## Input records
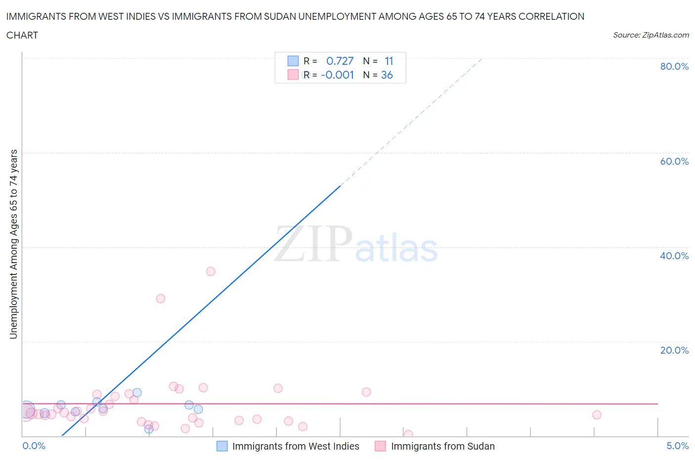 Immigrants from West Indies vs Immigrants from Sudan Unemployment Among Ages 65 to 74 years Correlation Chart
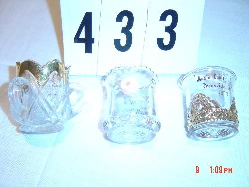 Lot 433 (3) TOOTHPICK HOLDERS - pressed glass with gold or handpainted
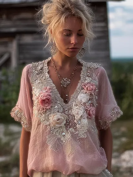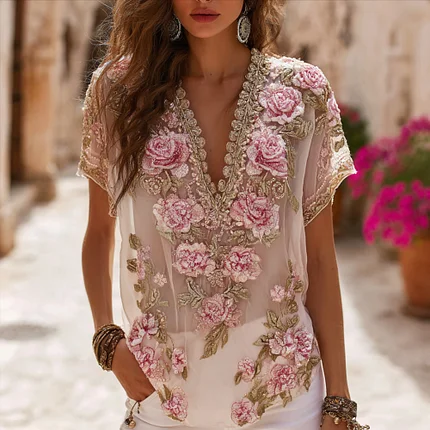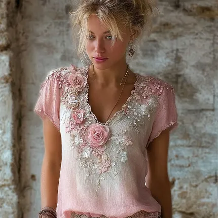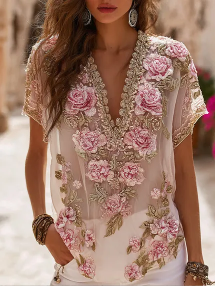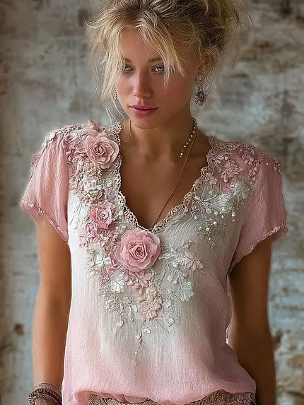Women’s Bohemia Pink Roses Embroidered Art V-neck Short Sleeve Linen Blend T-shirt
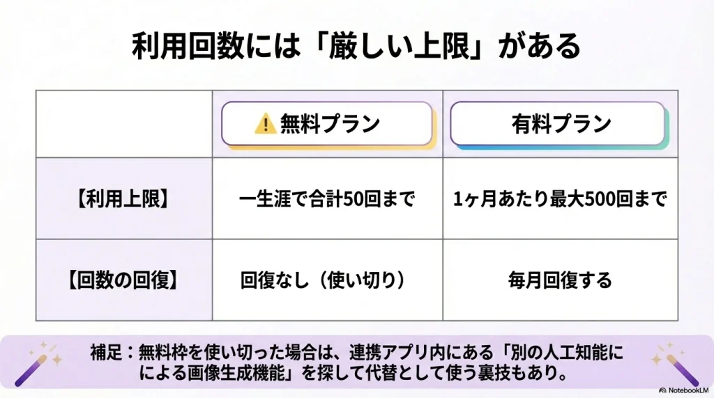 - 無料プランの回数制限や商用利用と著作権に関する注意点
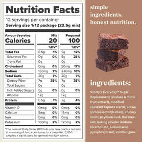 - Keto Friendly And 1g Net Carbs: Now you can finally enjoy gluten free brownie on your keto diet or low carb lifestyle. Scotty’s Everyday one net carb keto brownie mix is perfect for sharing with friends and family, whether they have dietary restrictions or are simply watching carbs.
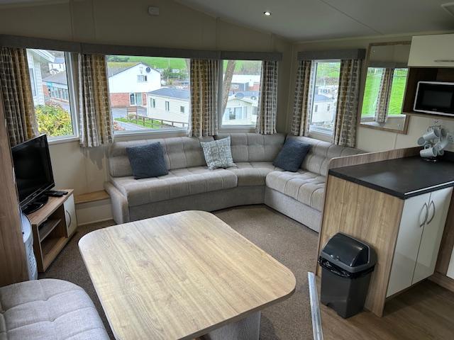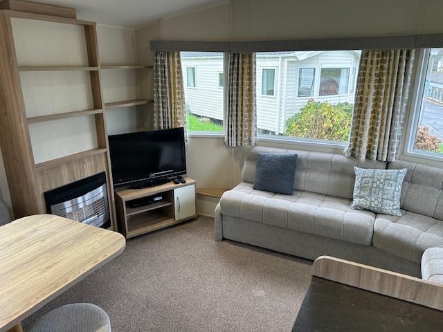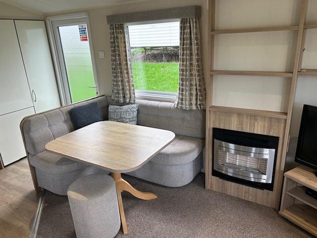 The open-plan lounge offers comfortable wrap-around seating with a handy pull-out sofa bed for visiting family or guests. It’s a bright, relaxing space with a corner TV unit, modern electric fire and shelving to add your own personal touches.
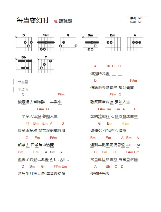 吉他谭咏麟《每当变幻时》吉他谱_吉他弹唱谱_YYZJ编配
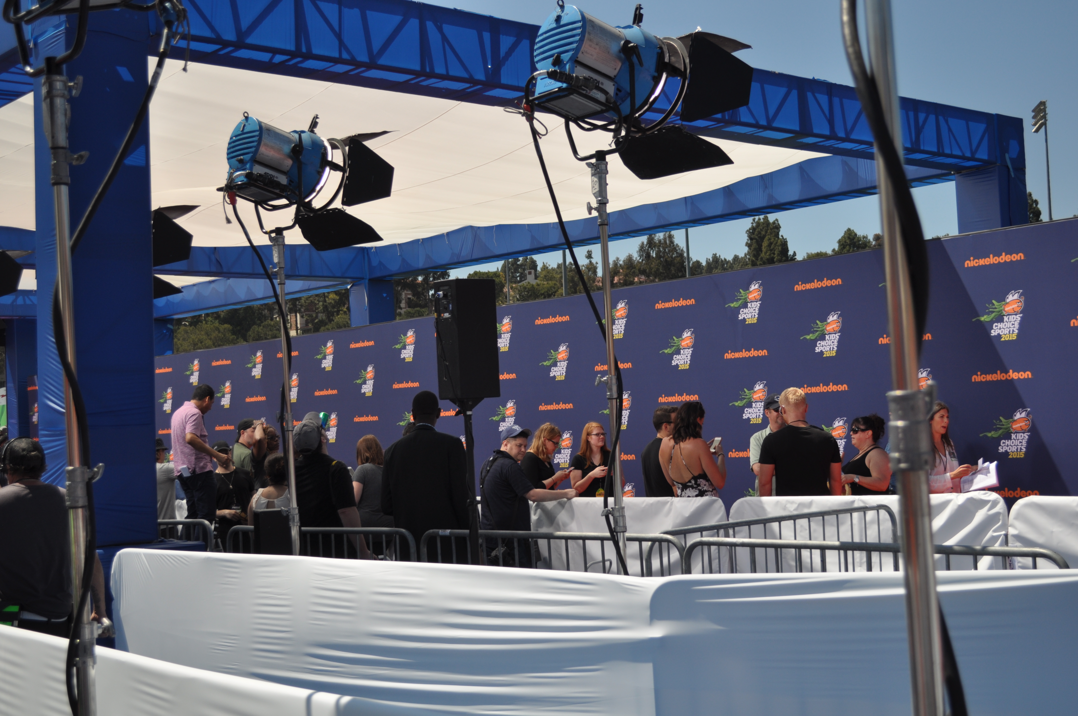 When talent walked down the carpet, they first were photographed in front of the big blue “step and repeat” screen. The photographer’s area was very well lit with huge lights, but was tented to prevent too much sunlight from affecting the pictures.
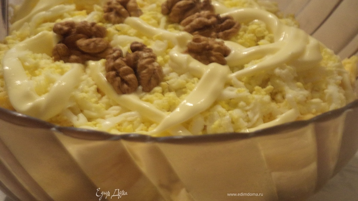 Теперь выкладываем оставшиеся три четверти крабовых палочек, смазать майонезом, немного присолить, выложить оставшуюся половину сыра, половину масла, оставшиеся яйца. Смазать майонезом, присолить. украсить половинками грецких орехов. Приятного Вам аппетита!!!
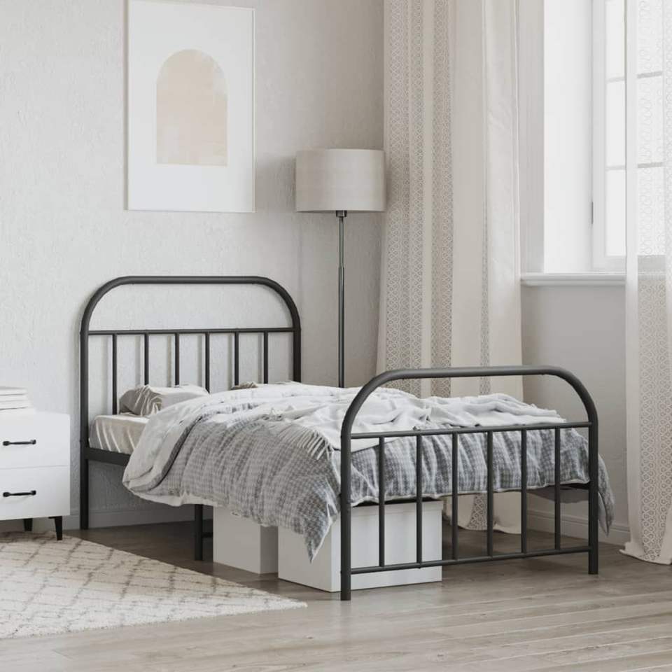 โครงเตียงเหล็กสีดำร่วมสมัยแบบเตียงคู่ทรงสี่เหลี่ยมผืนผ้า เตียงโลหะร่วมสมัย
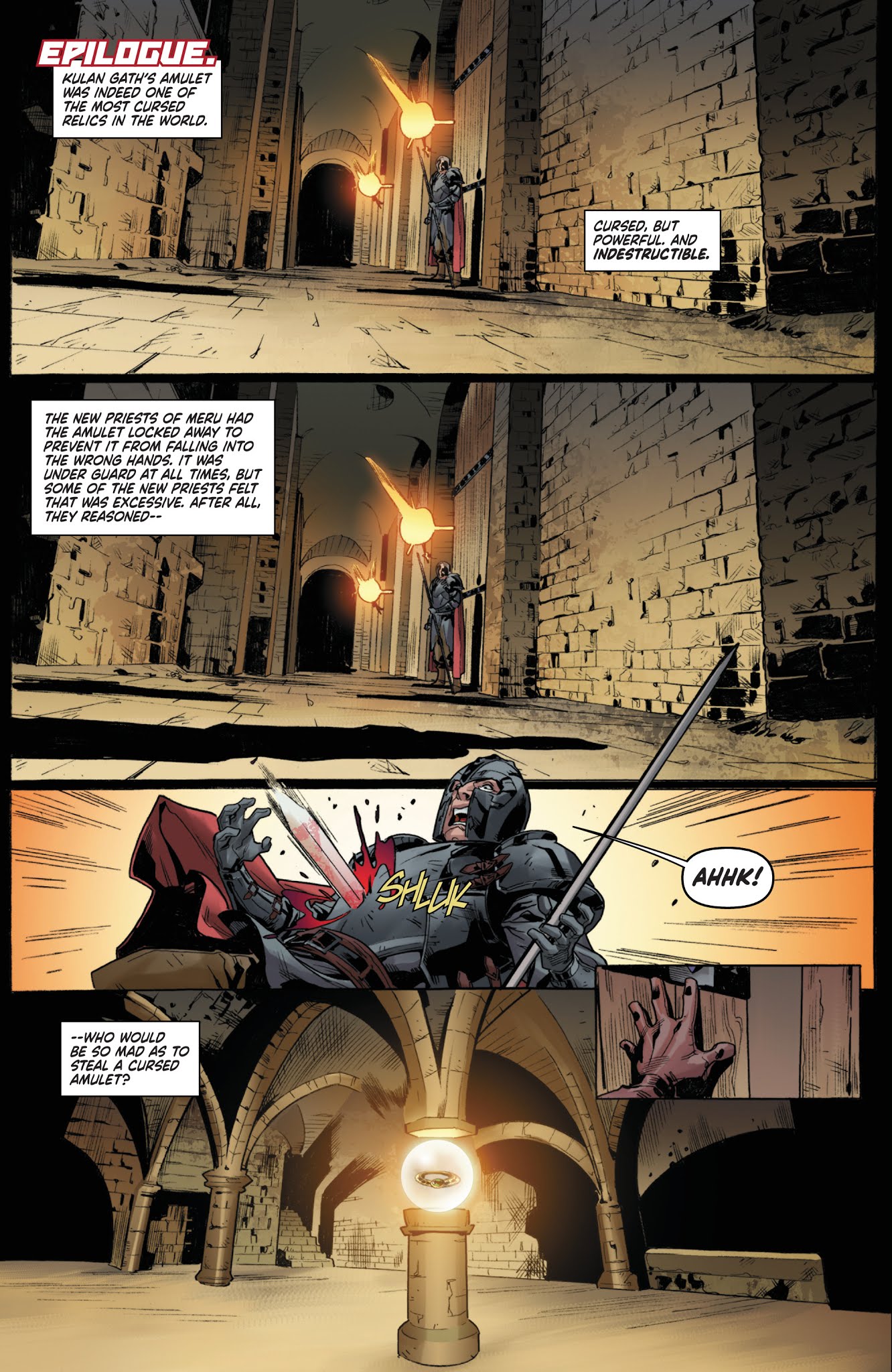As his ex-wife planted the seeds for his downfall, Gath, now taking the title of Kulan, grew in power, but everywhere he went, Sonja continued to hound him. During one of these encounters, his amulet was split in two, sending him to 632 AD, where he tricked the Mayans into believing he was a god. Though Sonja managed to follow him, he successfully empowered his sacrificial knife through an unwitting accomplice, giving him the power to travel to the end of the world. Despite Sonja trailing him once again, Gath held her and her new companions off with his arcane summons. Unfortunately, his plans for world domination would be undone when Sonja- now a vampire- used his magically-empowered knife to stab him to death.
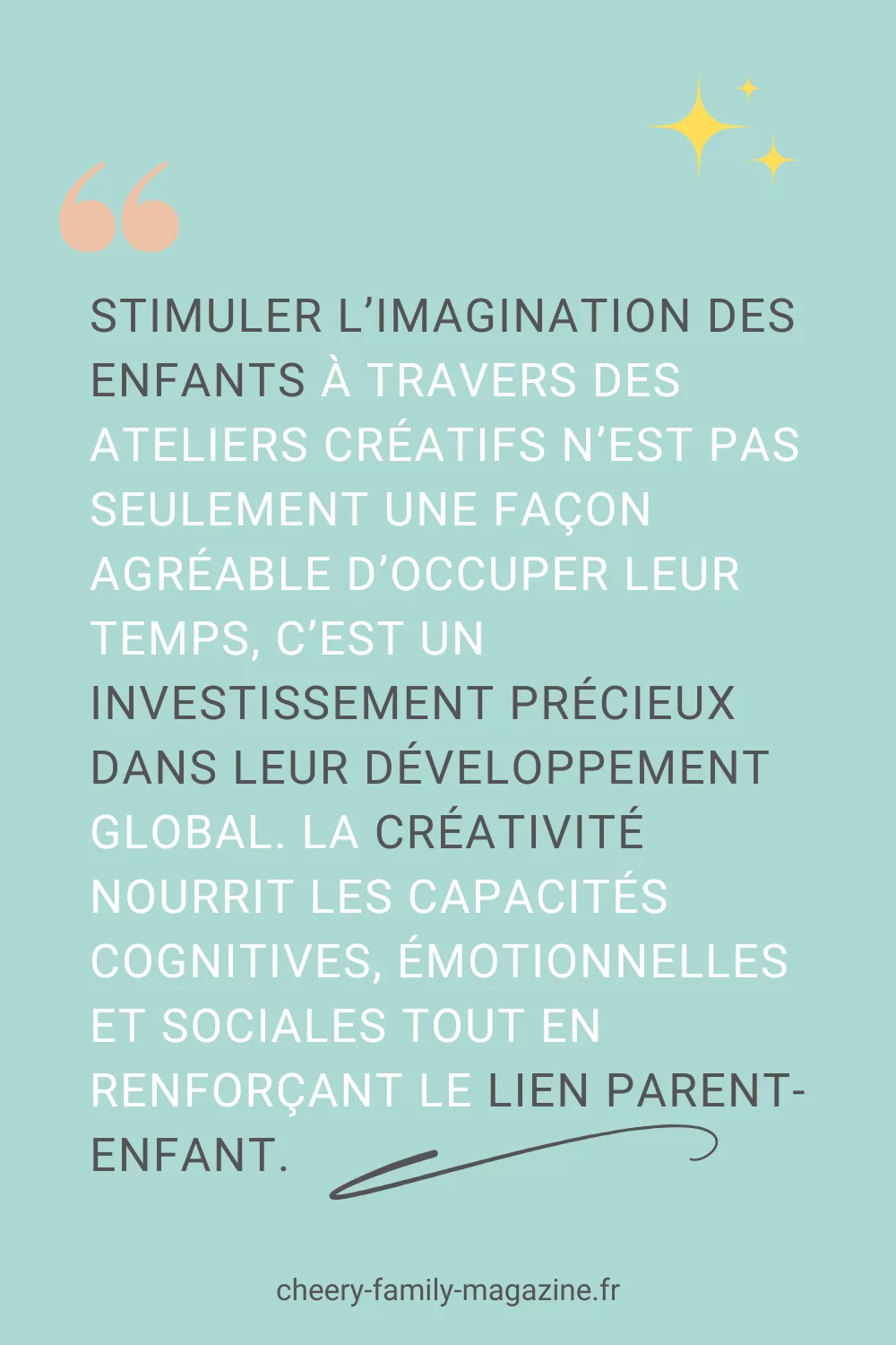 D’après la psychologue pour enfants Marie Lambert, « Permettre à un enfant de créer sans jugement, c’est lui donner l’autorisation d’être pleinement lui-même et de développer sa personnalité propre. »
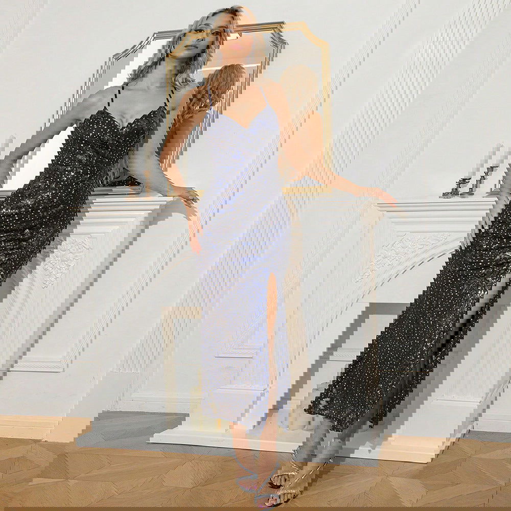 Deep V Plunge Ball High Slit Strap Dress Dress Dress

## Work item
Once the pictures are removed, set down what remains of the entries above exactly.

## Response to the task
 Immigrants from West Indies vs Immigrants from Sudan Unemployment Among Ages 65 to 74 years Correlation Chart
 Lot 433 (3) TOOTHPICK HOLDERS - pressed glass with gold or handpainted
Women’s Bohemia Pink Roses Embroidered Art V-neck Short Sleeve Linen Blend T-shirt
 - 無料プランの回数制限や商用利用と著作権に関する注意点
 - Keto Friendly And 1g Net Carbs: Now you can finally enjoy gluten free brownie on your keto diet or low carb lifestyle. Scotty’s Everyday one net carb keto brownie mix is perfect for sharing with friends and family, whether they have dietary restrictions or are simply watching carbs.
 The open-plan lounge offers comfortable wrap-around seating with a handy pull-out sofa bed for visiting family or guests. It’s a bright, relaxing space with a corner TV unit, modern electric fire and shelving to add your own personal touches.
 吉他谭咏麟《每当变幻时》吉他谱_吉他弹唱谱_YYZJ编配
 When talent walked down the carpet, they first were photographed in front of the big blue “step and repeat” screen. The photographer’s area was very well lit with huge lights, but was tented to prevent too much sunlight from affecting the pictures.
 Теперь выкладываем оставшиеся три четверти крабовых палочек, смазать майонезом, немного присолить, выложить оставшуюся половину сыра, половину масла, оставшиеся яйца. Смазать майонезом, присолить. украсить половинками грецких орехов. Приятного Вам аппетита!!!
 โครงเตียงเหล็กสีดำร่วมสมัยแบบเตียงคู่ทรงสี่เหลี่ยมผืนผ้า เตียงโลหะร่วมสมัย
As his ex-wife planted the seeds for his downfall, Gath, now taking the title of Kulan, grew in power, but everywhere he went, Sonja continued to hound him. During one of these encounters, his amulet was split in two, sending him to 632 AD, where he tricked the Mayans into believing he was a god. Though Sonja managed to follow him, he successfully empowered his sacrificial knife through an unwitting accomplice, giving him the power to travel to the end of the world. Despite Sonja trailing him once again, Gath held her and her new companions off with his arcane summons. Unfortunately, his plans for world domination would be undone when Sonja- now a vampire- used his magically-empowered knife to stab him to death.
 D’après la psychologue pour enfants Marie Lambert, « Permettre à un enfant de créer sans jugement, c’est lui donner l’autorisation d’être pleinement lui-même et de développer sa personnalité propre. »
 Deep V Plunge Ball High Slit Strap Dress Dress Dress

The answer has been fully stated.